Change Control and Configuration Management
Before deployment, the model and the system it is implemented within must be placed under change control. This applies not only to the model architecture but also to:
- The software platform and infrastructure
- The broader process that the model supports or automates
- Any hardware or physical elements used as inputs (e.g. imaging systems or sensors)
Changes to any of these components must trigger an evaluation of potential impact on the model’s performance. Where relevant, partial or full revalidation may be required. Annex 22 expects documented justification for any decision not to re-test a model following changes that could affect its output.
In addition, the model must be protected under configuration control, with systems in place to detect unauthorized changes. This includes version control, access restriction, and audit trail functionality.

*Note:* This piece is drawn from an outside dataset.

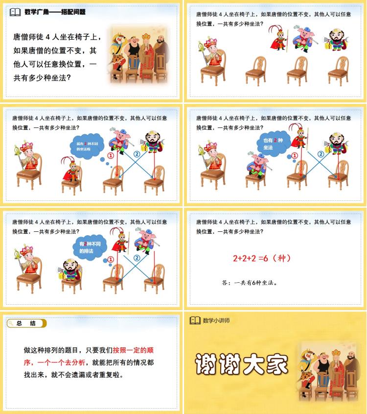 我们来分析一下:因为唐僧的位置固定不动啦,那其实就是要给悟空、八戒和沙僧这三个人排座位呢。

Performance Monitoring and Data Drift Detection
Ongoing performance monitoring is essential. The model’s output must be periodically reviewed using the same metrics defined during initial validation. This helps detect gradual degradation in performance or shifts caused by environmental factors such as lighting, process variations, or changes in upstream systems.

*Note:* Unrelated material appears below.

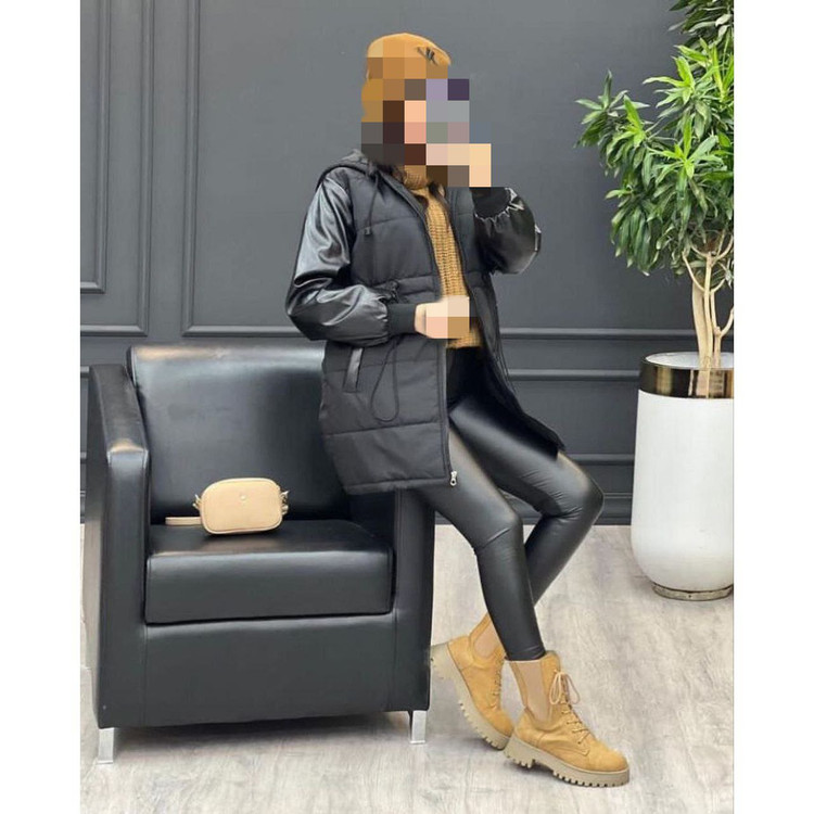 021107 کاپشن مموری آستردار آستین چرم قد ۷۵ فری سایز ۳۸ تا ۴۶ تن شیک

The input data itself must also be monitored to ensure it remains within the model’s validated sample space. If incoming data begins to diverge from the characteristics seen during validation, corrective action must be taken. This may involve retraining, revalidation, or restricting model use until alignment is re-established.
Metrics should be defined to monitor for:
- Performance deviation over time
- Shifts in input data patterns (data drift)
- Unexpected classification distributions
Human Oversight and Record Keeping in HITL Applications
Where the model supports human-in-the-loop decision-making, the human operator must retain documented responsibility for the final decision. In such cases, Annex 22 requires that records be kept of:
- The AI-generated recommendation or output
- The operator’s review and final decision
- Any deviation from the model’s suggestion
Depending on process criticality and the extent of initial testing, it may be necessary to review each model output consistently, especially during early deployment.
Final Thoughts
Annex 22 represents a significant and deliberate step forward in aligning Artificial Intelligence technologies with the core principles of GMP. It does not promote or accelerate the adoption of AI in pharmaceutical manufacturing. Instead, it defines the regulatory boundaries and responsibilities that must be in place if AI models are to be used in GMP-critical applications.
The annex is clear in its intent: AI must not compromise patient safety, product quality, or data integrity. It may support or enhance certain decisions or classifications, but it cannot do so without being fully validated, transparent, and subject to continuous oversight. In practice, this means:
- Models must be static, deterministic, and fully characterized
- Validation must be rigorous, with documented acceptance criteria and data governance
- Performance must be monitored continuously after deployment
- The role of the human, whether as approver, reviewer, or decision-maker, remains central
For GMP professionals, the release of Annex 22 signals the beginning of a new compliance area. While many pharmaceutical companies may still be exploring the feasibility of AI, those who do pursue implementation will now have a clear regulatory framework guiding the development, validation, and lifecycle management of these systems.
Artificial Intelligence has the potential to improve precision, consistency, and throughput in pharmaceutical operations. However, Annex 22 ensures that such advancements are pursued responsibly, under controlled conditions, with the same discipline and documentation expected of any other system impacting product quality or patient safety.